| What is needed |
With pictures left out, output exactly the lines from the line holding "Same Ckt, But" through the end of the data, both included.

*** The input ***

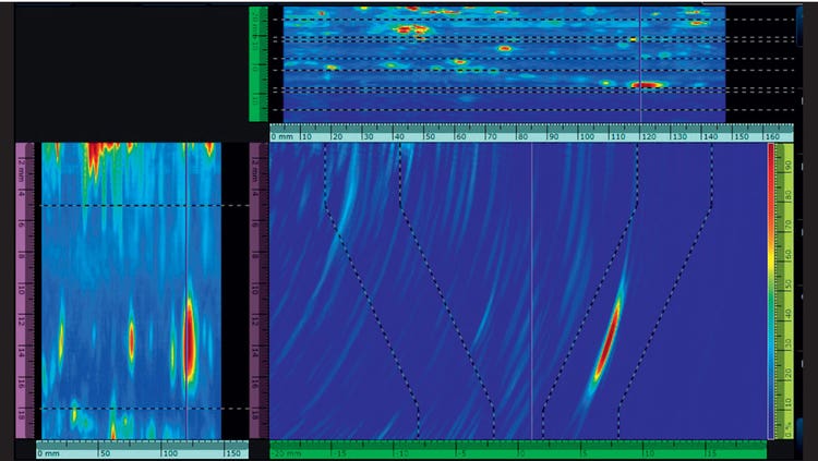 - The entire suspected area excluding the weld was then scanned using a 0-degree dual-linear probe
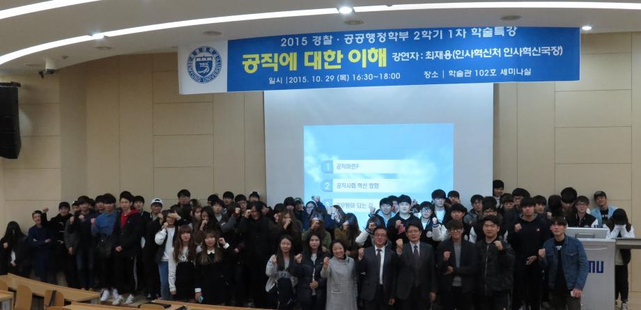 본문 시작 홈으로 커뮤니티 학부소개 교수소개 학부과정 커뮤니티 홈페이지가이드 포토갤러리 학부공지 채용정보 학부일정 포토갤러리 전공자료실 학생회 동아리 포토갤러리 페이스북 트위터 프린트 2015학년도 2학기 1차 학부학술특강 [공직에 대한 이해] 전체관리자 21967 2015-10-30 2015년 10월 29일 2015학년도 2학기 1차 학부학술특강을 "공직에 대한 이해"라는 주제로 인사혁신처 인사혁신국장 최재용님께서 강연하여주셨습니다. 목록 이전2015학년도 신입생 봉사활동 다음 2015학년도 2학기 안보전시관 교외교육 담당부서 : 경찰공공행정학부 담당자 : - 연락처 : 043-649-1457 최종수정일 : 2024-10-26 만족도조사 만족도 조사 이 페이지에서 제공하는 정보에 대하여 만족하시나요? 매우만족 만족 보통 불만족 매우불만족
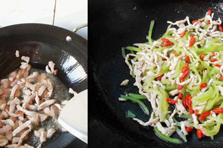 今天小编要教大家做的是莴笋炒肉丝,喜欢吃莴笋的朋友们可以一起来看看哦!首先我们需要准备的原材料有莴笋、猪瘦肉、干辣椒、生姜、大蒜、葱、油、鸡精、酱油、盐、淀粉。接下来将莴笋去掉皮洗干净,切成丝备用。(如果想要炒出来的莴笋脆嫩可以先用盐腌制一会儿,然后挤掉水分备用,这样炒出来的莴笋,口感才好,而且颜色也是翠绿色的。)
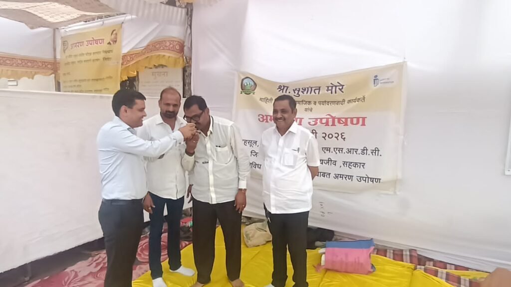 सातारा जिल्हाधिकारी कार्यालयासमोर प्रजासत्ताक दिनापासून महसूल, पोलीस, वनविभाग, सहकार, जिल्हा परिषद, नगरविकास आदी विभागांतील विविध विषयांवर चुकीच्या घडलेल्या घटना, भ्रष्टाचार याविरोधात सुशांत मोरे यांनी आमरण उपोषण सुरू केले होते. नांदल पाठोपाठ इतर काही विषयांची संबंधित विभागाच्या वरिष्ठांनी दखल घेत लेखी आश्वासन तर आचारसंहितेचे कारण पुढे करून चौकशी आणि कारवाईसाठी मुदत मागत उपोषण स्थगित करण्याची विनंती केली. त्यानंतर नगरपालिका उपायुक्त बापट यांच्या हस्ते सरबत देऊन उपोषण स्थगित केले. प्रशासनाने विविध मागण्यांबाबत सकारात्मक प्रतिसाद दिल्याने आमरण उपोषण तात्पुरते स्थगित करत असल्याचे सुशांत मोरे यांनी सांगितले. यावेळी नगरसेवक मनोज शेंडे, शंकर माळवदे उपस्थित होते.
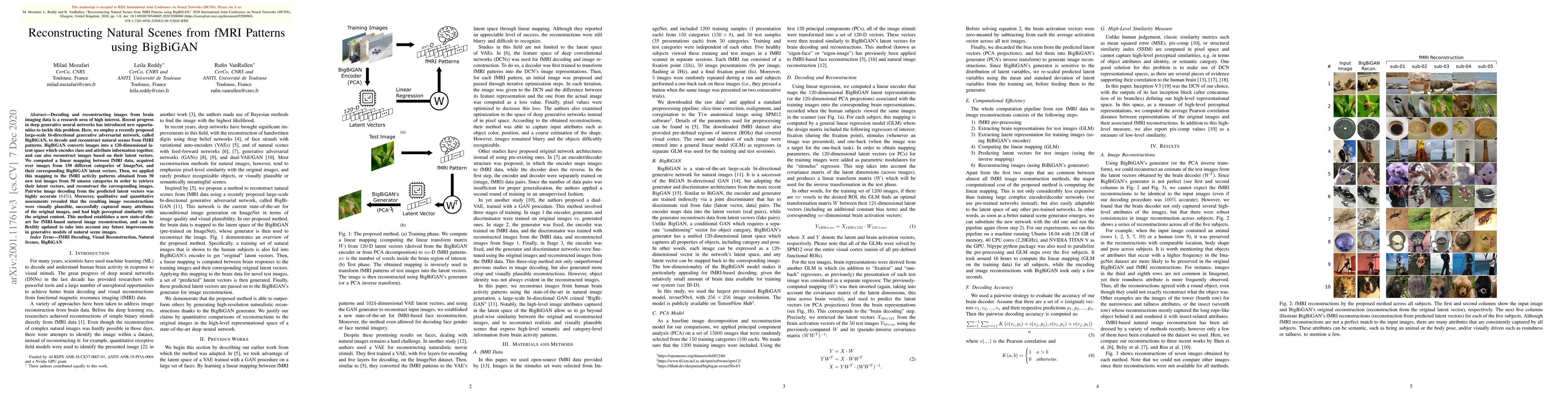 This study uses BigBiGAN to decode and reconstruct natural scenes from fMRI patterns, achieving 84% accuracy in pairwise image decoding. The method successfully reconstructs images from unseen categories, demonstrating high perceptual similarity to the original content.
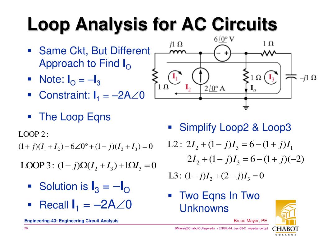 Same Ckt, But Different Approach to Find IO Note: IO = –I3 Constraint: I1 = –2A0 Loop Analysis for AC Circuits • The Loop Eqns • Simplify Loop2 & Loop3 • Solution is I3 = –IO • Recall I1 = –2A0 • Two Eqns In Two Unknowns
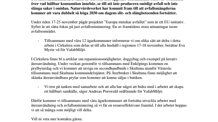 - Tillsammans med våra 12 ägarkommuner informerar vi om olika sätt att delta i detta arbete i Cirkulera som delas ut till alla hushåll i regionen 17-18 november, berättar Eva Myrin vd för VafabMiljö.

*** End of The input ***

| Task solution |
 Same Ckt, But Different Approach to Find IO Note: IO = –I3 Constraint: I1 = –2A0 Loop Analysis for AC Circuits • The Loop Eqns • Simplify Loop2 & Loop3 • Solution is I3 = –IO • Recall I1 = –2A0 • Two Eqns In Two Unknowns
 - Tillsammans med våra 12 ägarkommuner informerar vi om olika sätt att delta i detta arbete i Cirkulera som delas ut till alla hushåll i regionen 17-18 november, berättar Eva Myrin vd för VafabMiljö.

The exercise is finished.